Provided data
⁂

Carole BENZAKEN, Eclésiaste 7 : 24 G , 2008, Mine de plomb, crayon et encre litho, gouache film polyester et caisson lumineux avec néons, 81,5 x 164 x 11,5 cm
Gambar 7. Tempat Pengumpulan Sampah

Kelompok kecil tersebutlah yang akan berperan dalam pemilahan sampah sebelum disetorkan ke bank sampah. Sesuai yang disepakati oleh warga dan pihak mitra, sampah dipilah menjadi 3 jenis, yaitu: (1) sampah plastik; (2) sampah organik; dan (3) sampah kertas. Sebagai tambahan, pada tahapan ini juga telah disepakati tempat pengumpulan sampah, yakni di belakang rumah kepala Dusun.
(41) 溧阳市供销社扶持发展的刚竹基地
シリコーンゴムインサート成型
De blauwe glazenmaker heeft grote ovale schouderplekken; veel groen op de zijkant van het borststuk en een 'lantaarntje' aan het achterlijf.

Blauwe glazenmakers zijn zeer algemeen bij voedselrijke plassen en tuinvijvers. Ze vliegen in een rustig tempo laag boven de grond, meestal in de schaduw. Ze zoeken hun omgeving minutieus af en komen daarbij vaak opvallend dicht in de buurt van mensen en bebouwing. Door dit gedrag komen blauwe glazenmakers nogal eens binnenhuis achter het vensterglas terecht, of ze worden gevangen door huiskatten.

⁂

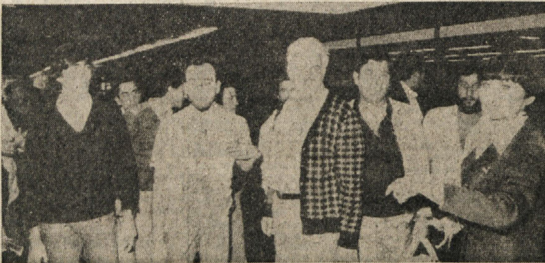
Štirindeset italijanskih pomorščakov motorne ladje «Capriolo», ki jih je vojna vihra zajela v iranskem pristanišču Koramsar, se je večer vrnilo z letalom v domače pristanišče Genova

⁂

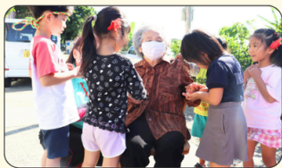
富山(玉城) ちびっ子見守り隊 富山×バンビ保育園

⁂

Exercise requirements
Your answer must consist solely of the lines above between the line holding "Carole BENZAKEN, Eclésiaste" and the line holding "De blauwe glazenmaker", inclusive, copied exactly.

Answer section
Carole BENZAKEN, Eclésiaste 7 : 24 G , 2008, Mine de plomb, crayon et encre litho, gouache film polyester et caisson lumineux avec néons, 81,5 x 164 x 11,5 cm
Gambar 7. Tempat Pengumpulan Sampah

Kelompok kecil tersebutlah yang akan berperan dalam pemilahan sampah sebelum disetorkan ke bank sampah. Sesuai yang disepakati oleh warga dan pihak mitra, sampah dipilah menjadi 3 jenis, yaitu: (1) sampah plastik; (2) sampah organik; dan (3) sampah kertas. Sebagai tambahan, pada tahapan ini juga telah disepakati tempat pengumpulan sampah, yakni di belakang rumah kepala Dusun.
(41) 溧阳市供销社扶持发展的刚竹基地
シリコーンゴムインサート成型
De blauwe glazenmaker heeft grote ovale schouderplekken; veel groen op de zijkant van het borststuk en een 'lantaarntje' aan het achterlijf.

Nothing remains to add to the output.